There were 339 (85.4%) TMB-low, 40 (10.1%) TMB-high and 18 (4.5%) TMB-very high PSCC. TMB ≥10 vs TMB-low PSCC revealed an enrichment of GA of PIK3CA (48.3% vs 18.3%; p<0.001) and KMT2D (29.3% vs 7.7%; p<0.001), and less frequent GA of CDKN2A (25.9% vs 45.7%, p=0.050). Most of these GA did not co-occur. PD-L1 expression was not impacted by TMB status. HPV identification was more frequent as TMB increased: 28.3% for the TMB-low, 50% for the TMB-high and 58.8% for the TMB-very high groups.
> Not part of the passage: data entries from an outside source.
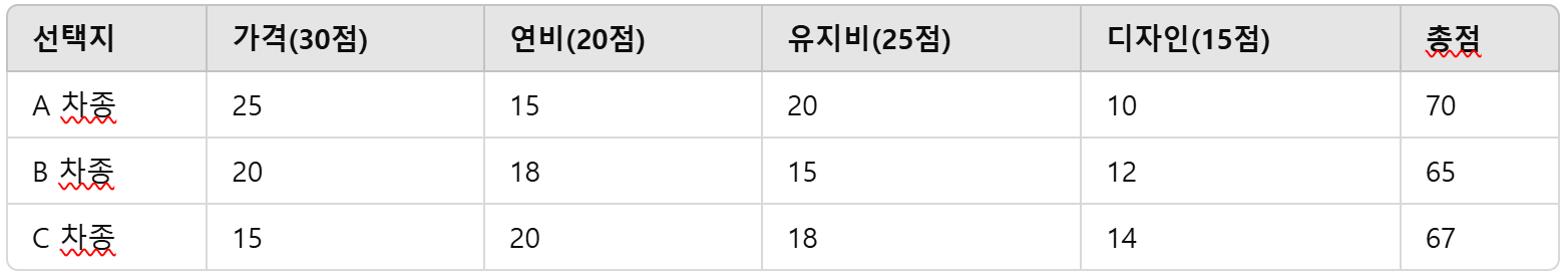 - 각 항목에 가중치를 부여하여 점수를 매깁니다.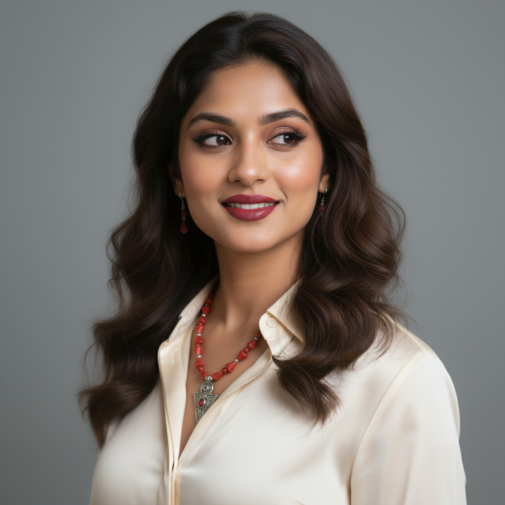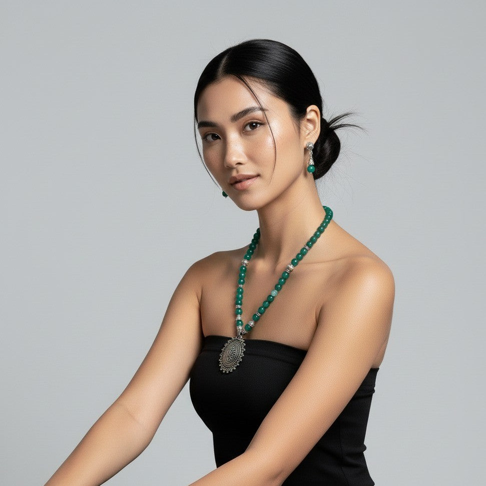 Red Glass Bead Necklace with Oxidized Silver Pendant and Earring Set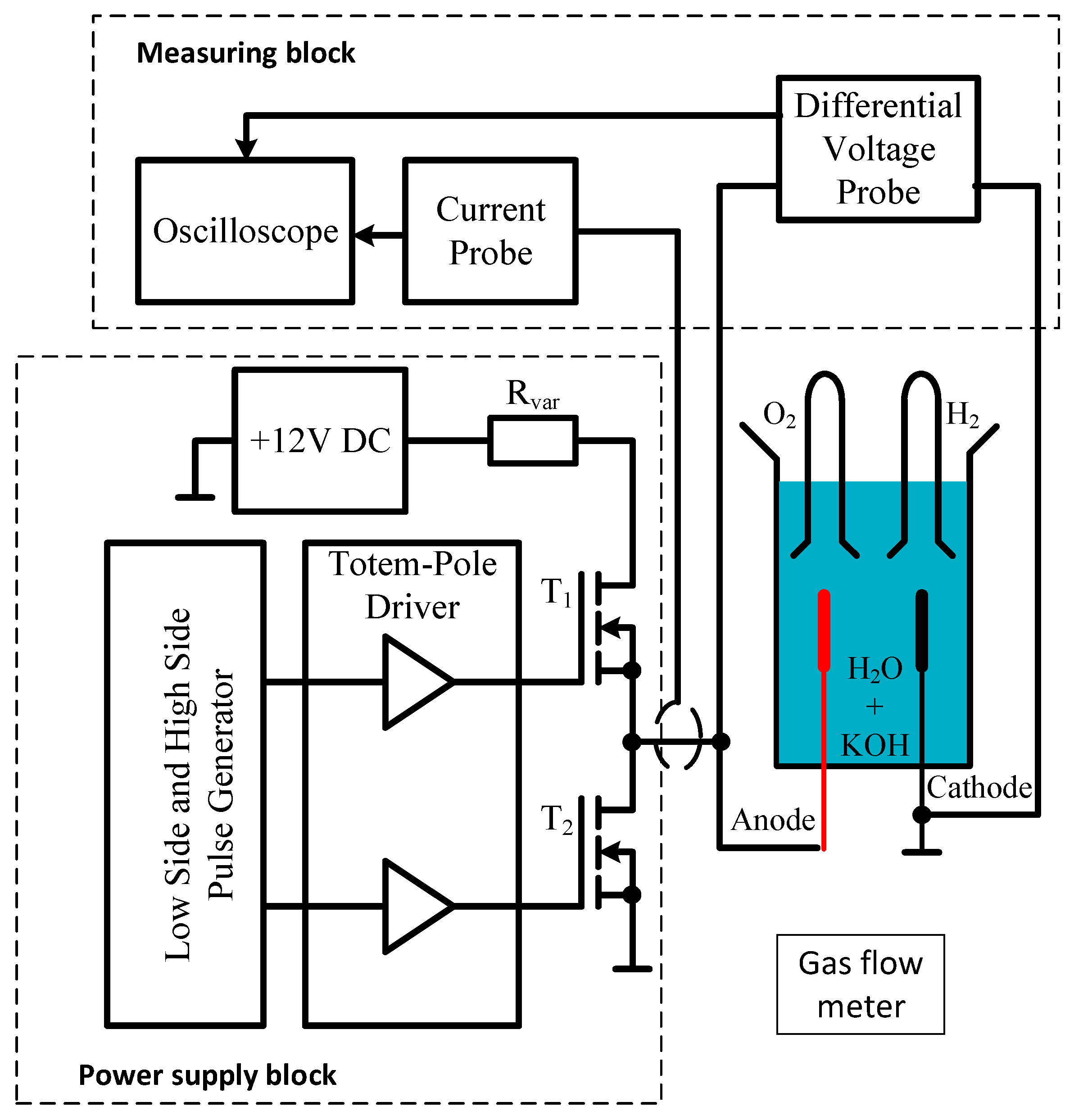 34], models of alkaline electrolyzers dedicated to the SPICE program were presented. However, these models were designed for use at low KOH concentrations and were not verified when supplied with a train of rectangular pulses with a high maximum value and a frequency varied over a wide range.

In total, 95/1,377 (6.9%) GA were predicted to be of germline nature. In the FH-FMI CGDB cohort, 10 patients receiving ICI, 4 (40%) had a real-world overall survival (rwOS) >12 months with sustained benefit in 3/3 patients with TMB ≥10 mut/Mb.

Conclusions

Evaluation of advanced/metastatic PSCC by CGP based on TMB level revealed significant differences in biomarkers for the near 15% of cases that have high and very high TMB ≥10 mut/Mb. These PSCC cases represented a distinct tumor subgroup deserving further clinical investigation.

Clinical trial identification

Editorial acknowledgement

Legal entity responsible for the study

The authors.

Funding

Has not received any funding.

Disclosure

P. Spiess: Non-Financial Interests, Personal, Other, Vice Chair for Bladder and Penile Cancer: NCCN. R. Li: Financial Interests, Personal, Research Funding, Predicine; Veracyte; CG Oncology; Valar labs: Predicine; Veracyte; CG Oncology; Valar labs; Financial Interests, Personal, Advisory Board, CG Oncology: CG oncology; Financial Interests, Speaker, Consultant, Advisor, BMS, Merck, Fergene, Arquer Diagnostics, Urogen Pharma, Lucence, CG Oncology: BMS, Merck, Fergene, Arquer Diagnostics, Urogen Pharma, Lucence, CG Oncology. P. Grivas: Financial Interests, Personal, Advisory Board: AstraZeneca, MSD, Bristol Myers Squibb, Asieris Pharmaceuticals, Merck KGaA, Seattle Genetics, Aadi Bioscience, Pfizer, Janssen, Boston Gene, Mirati Therapeutics, Exelixis, Genentech/Roche, Gilead Sciences, CG Oncology, Dyania Health, Infinity Pharmaceuticals, QED Therapeutics, 4D Pharma PLC, ImmunityBio, Lucence Health, G1 Therapeutics, Fresenius Kabi, Guardant Health, PureTech, Regeneron Pharmaceuticals, Strata Oncology, Urogen, Silverback Therapeutics, Astellas Pharma; Financial Interests, Institutional, Local PI: Pfizer, Clovis Oncology, Bavarian Nordic, Gilead Sciences, Bristol Myers Squibb, Debiopharm Group, MSD, QED Therapeutics, GSK, Mirati Therapeutics, G1 Therapeutics, Merck KGaA. R. Huang: Financial Interests, Personal, Stocks/Shares: Roche. J.S. Ross: Financial Interests, Personal, Full or part-time Employment, Medical Director: Foundation Medicine; Financial Interests, Personal, Stocks/Shares: Roche Holdings, Tango Therapeutics, Celsius Therapeutics. D.C. Pavlick: Financial Interests, Personal, Stocks/Shares: F. Hoffmann-La Roche AG,. A. Necchi: Financial Interests, Institutional, Research Grant: Merck, AstraZeneca, Ipsen, BMS, Gilead; Financial Interests, Personal, Steering Committee Member: Roche, Janssen, Bayer, Astellas, AstraZeneca, Merck, Clovis Oncology; Financial Interests, Coordinating PI: Incyte; Financial Interests, Local PI: Pfizer; Non-Financial Interests, Leadership Role: Global society of Rare Genitourinary Tumors (GSRGT). All other authors have declared no conflicts of interest.